Pour éviter ces évasions, la gauche va-t-elle proposer de généraliser les prisons sur le modèle de la prison de Mauzac, construite par l’architecte du Club Med sur ordre de Robert Badinter ? Pas sûr que cela fonctionne, puisque certains détenus tentent tout de même de s’en évader…

Picture of Pierre-Marie Sève
Pierre-Marie Sève
Directeur de l'Institut pour la Justice

Vos commentaires

30 commentaires

  1. On en sort comme dans un moulin … c’est à dire ? On peut donc sortir à l’intérieur de quelque chose ? N’y aurait-il pas là une sorte d’oxymore ? Cette expression me laisse perplexe.

  2. Bonjour,
    je viens de lire votre article et je me permets d’y apporter quelques précisions. Ces sorties autorisées par le JAP (Juge de l’Application des Peines) le sont sur les demandes des services socio-éducatifs des établissement appelés SPIP (Services Pénitentiaires d’Insertion et de Probation). Les sorties ne sont pas encadrées par le personnel de surveillance mais par des éducateurs et éducatrices dudit service SPIP chargés de la surveillance et de la sécurité des détenus. J’arrête là pour ne pas en dire trop. Mais il m’a semblé utile d’apporter quelques précisions. J’ajoute que ce n’est pas le premier détenu qui se fait la belle et se ne sera pas le dernier. De plus ce n’est pas considéré comme évasion mais comme non réintégration de permission au vu du CPP (Code de Procédure Pénale). La naïveté dont font preuve certains magistrats dont leurs idéologie prend le dessus sur le réel n’est pas prête de disparaître. J’en ai trop dit.
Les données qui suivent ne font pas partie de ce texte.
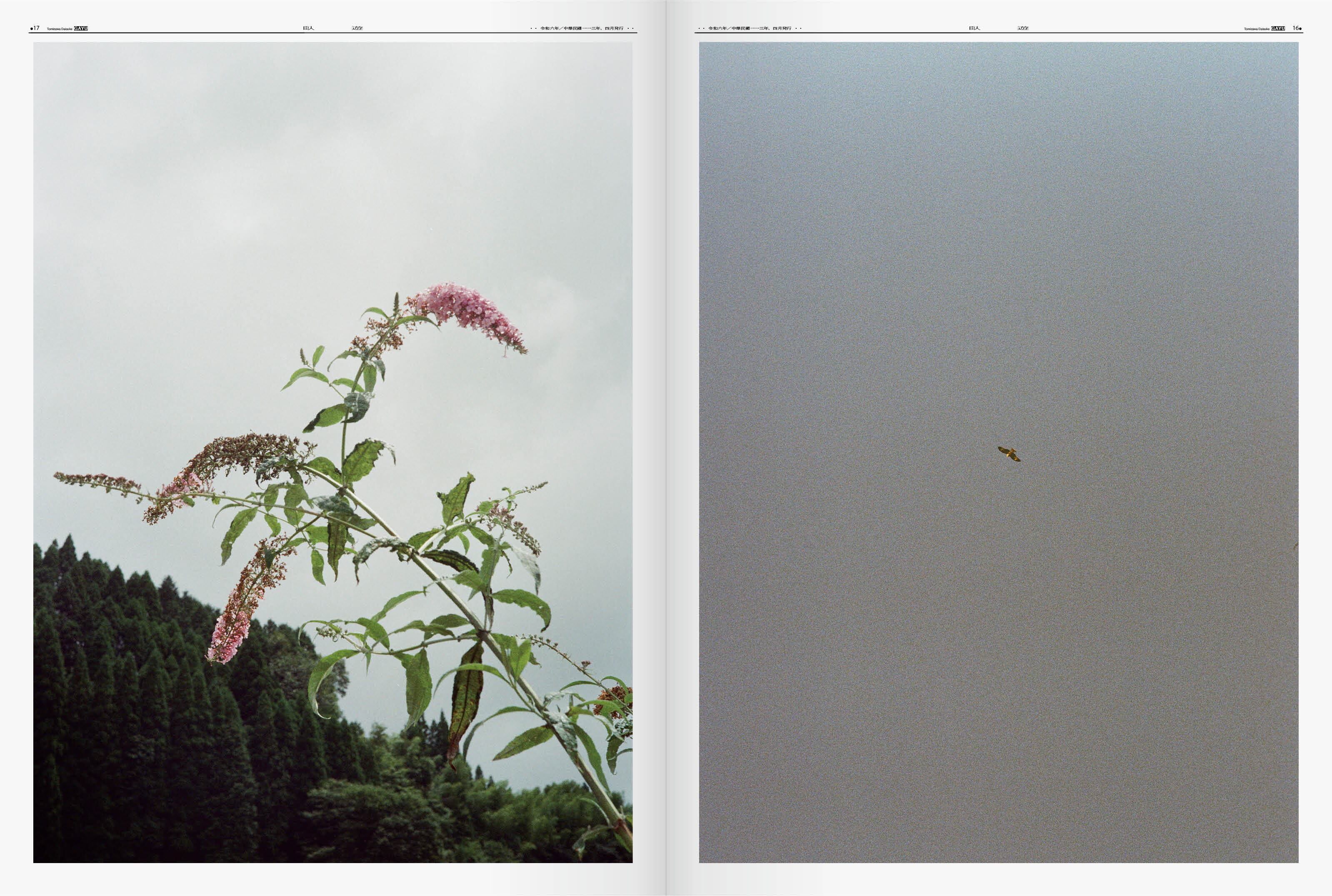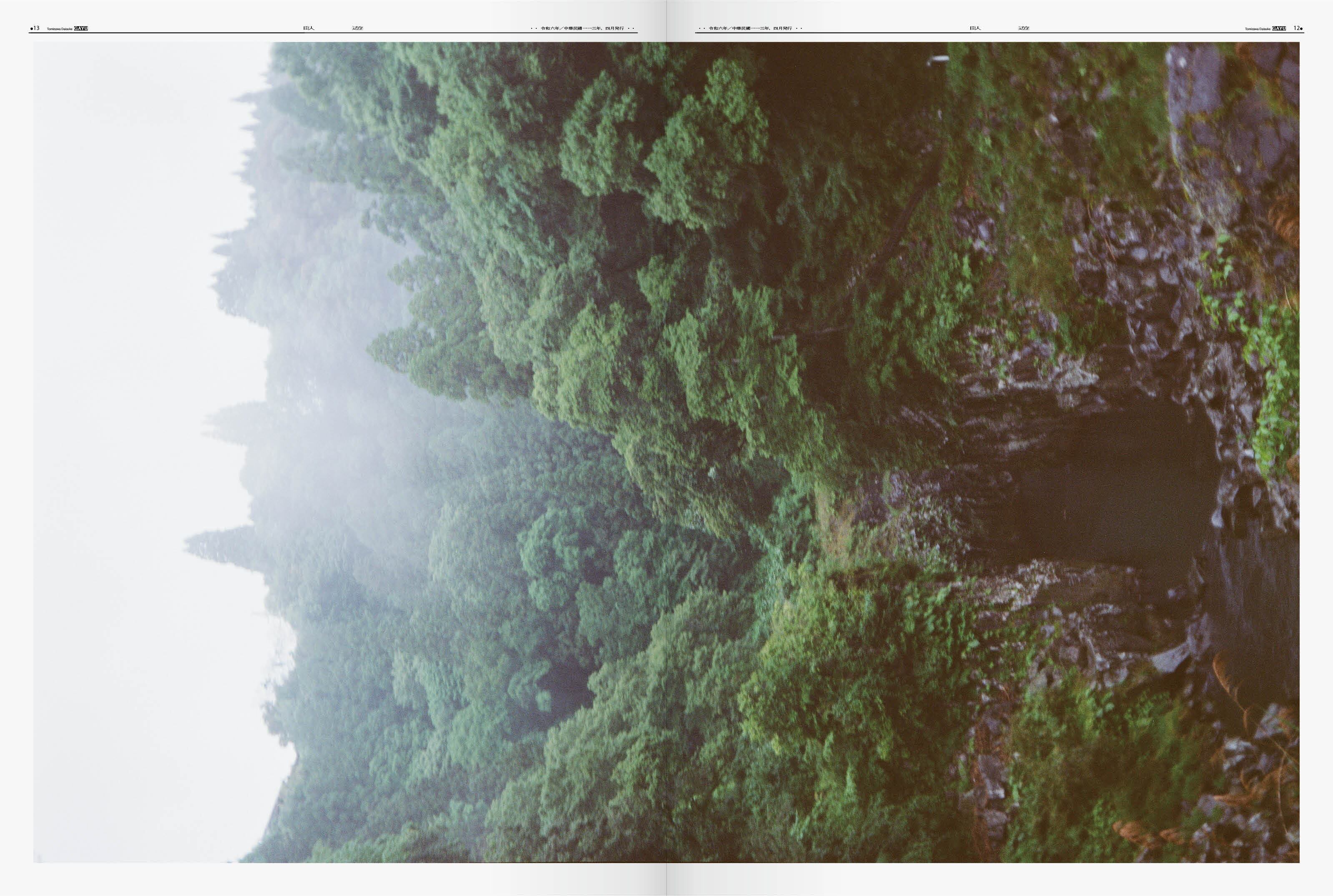 写真家・富澤大輔による本作「臥遊」は、KYOTOGRAPHIE (京都国際写真祭)の「KG+」で発表され、京都の印刷所=京都新聞印刷にて実際の新聞と同じ印刷機で刷られた、新聞型大判写真集です。 “臥して以て之に遊ばん”――これは中国の隠者、宗炳(そうへい、375 年〜443 年)が、山水画の前で臥したまま…つまり寝そべりながら、想像で、山水画に描かれた風景の中を歩き楽しむことを語った言葉です。過去を写す「写真」に対して、山水画は、神や仙人の住む憧れの地、つまり現実を離れた桃源郷 =「時間の外側」の風景を描きます。“臥遊”とは、記憶の一部を写真的な見方に依存している現代の私たちにとって、風景/記憶/過去/時間といった人間の体の「想像する力」の本質に迫る重要なキーワードかもしれません。 『写真が持つ「世界への窓」としての性格を、前近代的なものの見方に思いを馳せながら、「過去のとある瞬間としてではない写真」の在り方を考えた。』と語る、富澤の新たなる出発点となる写真集です。

  3. Offrir des sorties « culturelles » à des délinquants, alors que de nombreuses familles ne peuvent en faire profiter leurs enfants, faute de moyens. Entre manger ou se chauffer et se cultures, il faut choisir.

  4. Conclusion :Il est préférable de finir sa vie en prison plutôt qu’en EPHAD… sorties à Versailles, au musée.. massages… et personnel à disposition 24/24….

  5. L’autorité confond prison et centre de loisir.
    La prison est une punition qui en enfermant les criminels protège la population. Si on donne des permissions ou si on les emmène en ballade, ce n’est plus une prison!

  6. La culture fait « évader » l’homme au sens propre comme au figuré ,mais là c’est surtout au sens propre

  7. Aucune sortie possible pour les détenus.
    Toutes les séances de réinsertion doivent être réalisées en prison.

  8. Il faudrait que Darmanin et Nunuchenez aille faire un tour aux States….. Là bas les prisons, ça rigole pas ! Pour commencer ténue Orange pour tous les détenus !

  9. tout évadé devrait pouvoir doubler sa peine, c’est à dire au moment de l’évasion il lui restait 2 ans, et quand on le ratrappe il a 2 ans de plus que lorsqu’il est est parti, total 4 ans au mieu de 2. Quand à la réinsertion, peut être faudrait-il qu’on les remettent aux études plutôt qu’aux karting, piscine, esthéticienne, là il y a un gros chantier.